Would you please set down, word for word, the lines from the one with "бполотно на лляній" through the final line of the data below, omitting any pictures?

Dataset extract>
※
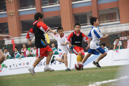 镜头1:来自广州市32所小学的小球员们在“索尼足球乐园-玩转世界杯活动”中进行激烈的5人制足球对抗赛。
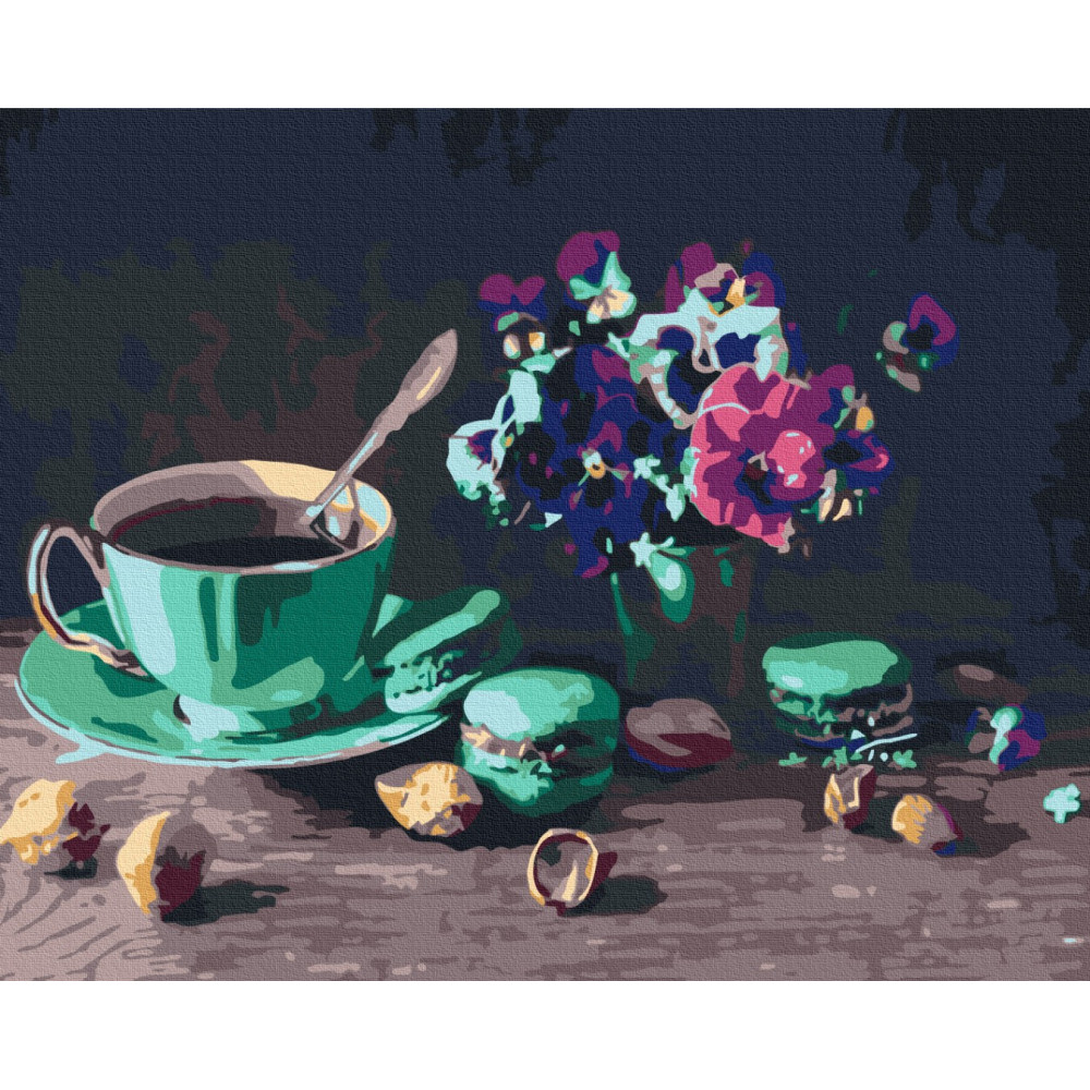 бполотно на лляній основі та дерев'яному підрамнику з нанесеною пронумерованою схемою майбутньої картини. Всі сегменти додатково пофарбовані в тон кольорів, якими буде зафарбовувати полотно
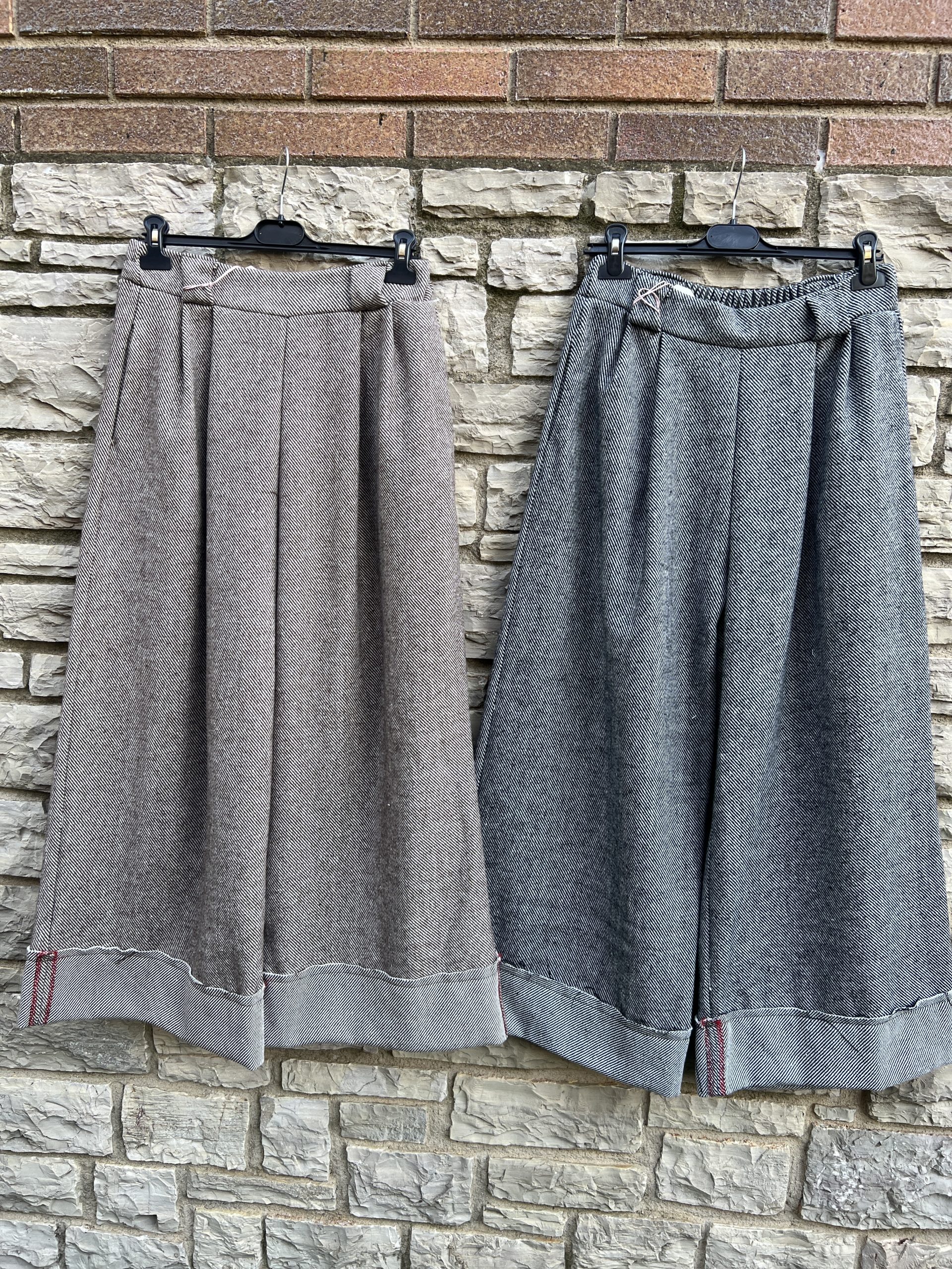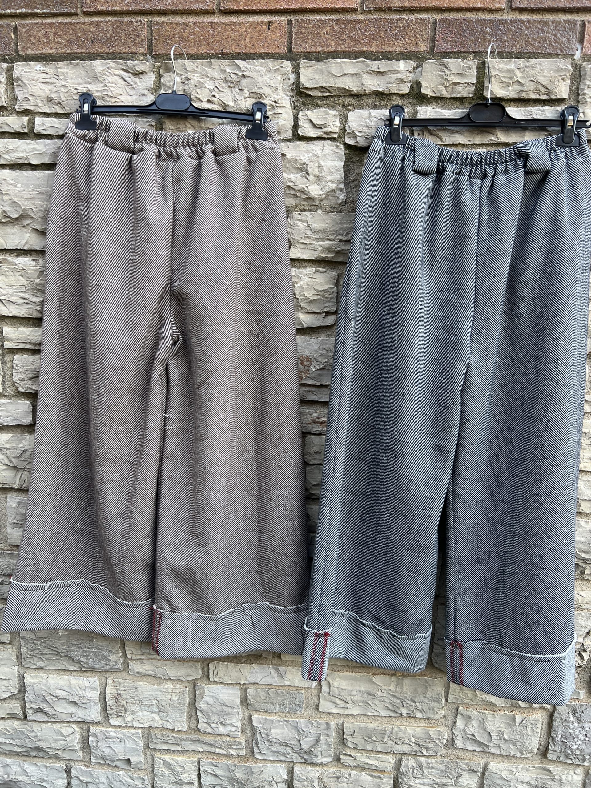 Pantalón de franela jaspeado de corte ancho, goma en cintura ( sin cremallera) bolsillos laterales, pinza en parte delantera y gran dobladillo en el bajo
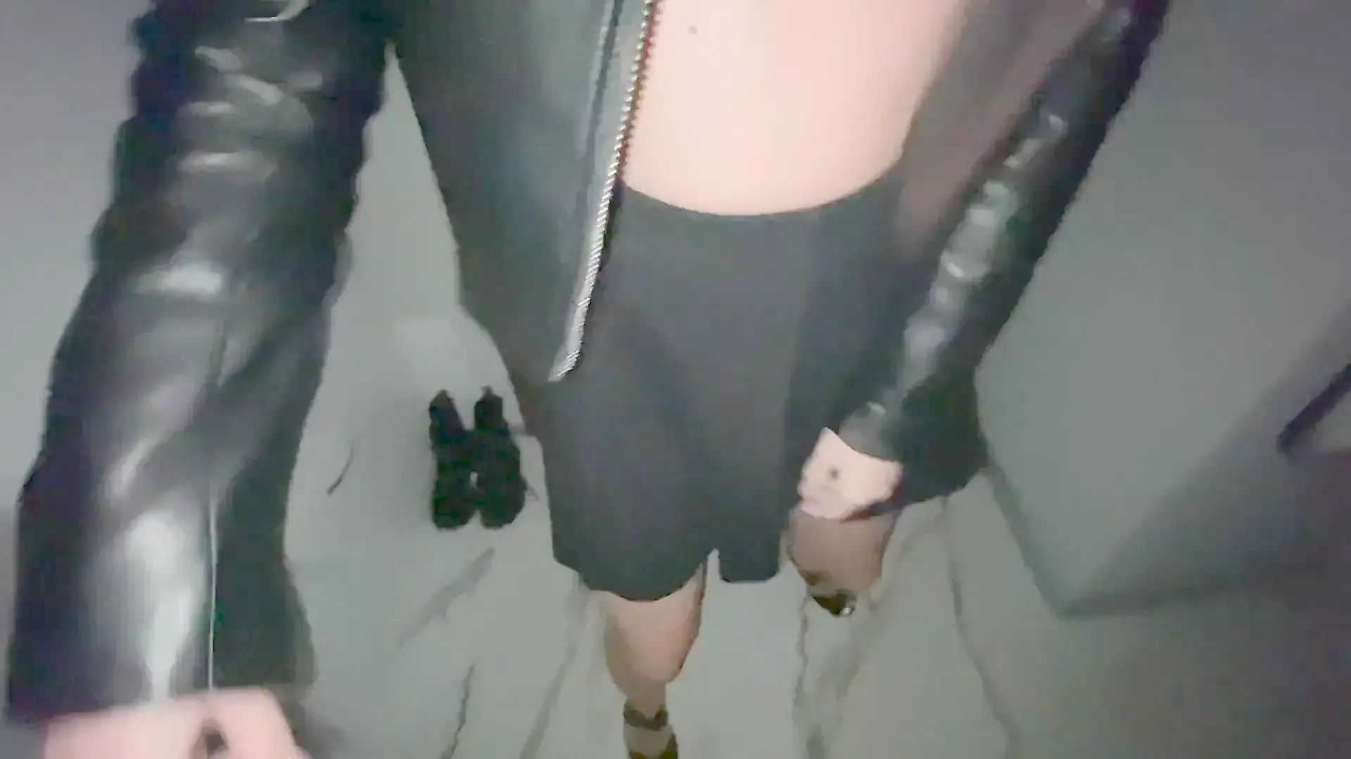 Horny Chick W Leather Jacket Came after Techno Party Remove Condom
※
Output of the exercise>
 бполотно на лляній основі та дерев'яному підрамнику з нанесеною пронумерованою схемою майбутньої картини. Всі сегменти додатково пофарбовані в тон кольорів, якими буде зафарбовувати полотно
 Pantalón de franela jaspeado de corte ancho, goma en cintura ( sin cremallera) bolsillos laterales, pinza en parte delantera y gran dobladillo en el bajo
 Horny Chick W Leather Jacket Came after Techno Party Remove Condom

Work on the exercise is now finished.